RECORDS TO USE:
BEGIN

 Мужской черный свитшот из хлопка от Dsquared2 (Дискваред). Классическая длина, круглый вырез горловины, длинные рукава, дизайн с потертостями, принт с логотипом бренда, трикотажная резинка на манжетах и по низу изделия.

END
BEGIN

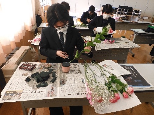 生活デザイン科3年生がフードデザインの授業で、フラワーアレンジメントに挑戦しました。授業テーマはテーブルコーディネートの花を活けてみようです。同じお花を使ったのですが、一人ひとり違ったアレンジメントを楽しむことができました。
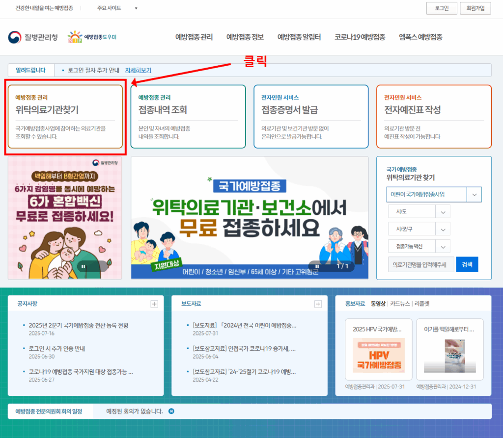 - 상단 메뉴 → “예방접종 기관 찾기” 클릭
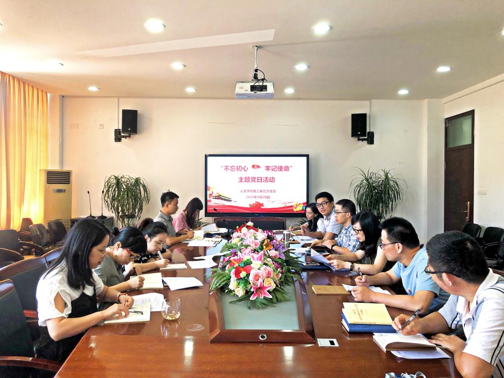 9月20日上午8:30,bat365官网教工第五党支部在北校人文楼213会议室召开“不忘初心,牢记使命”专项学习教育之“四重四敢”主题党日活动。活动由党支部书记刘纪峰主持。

END

WHAT YOU WILL DO: Above, find the line with "生活デザイン科3年生がフード"; copy it and every line down to the line with "9月20日上午8:30,ba", exactly and both included, but no pictures.

YOUR SOLUTION:
 生活デザイン科3年生がフードデザインの授業で、フラワーアレンジメントに挑戦しました。授業テーマはテーブルコーディネートの花を活けてみようです。同じお花を使ったのですが、一人ひとり違ったアレンジメントを楽しむことができました。
 - 상단 메뉴 → “예방접종 기관 찾기” 클릭
 9月20日上午8:30,bat365官网教工第五党支部在北校人文楼213会议室召开“不忘初心,牢记使命”专项学习教育之“四重四敢”主题党日活动。活动由党支部书记刘纪峰主持。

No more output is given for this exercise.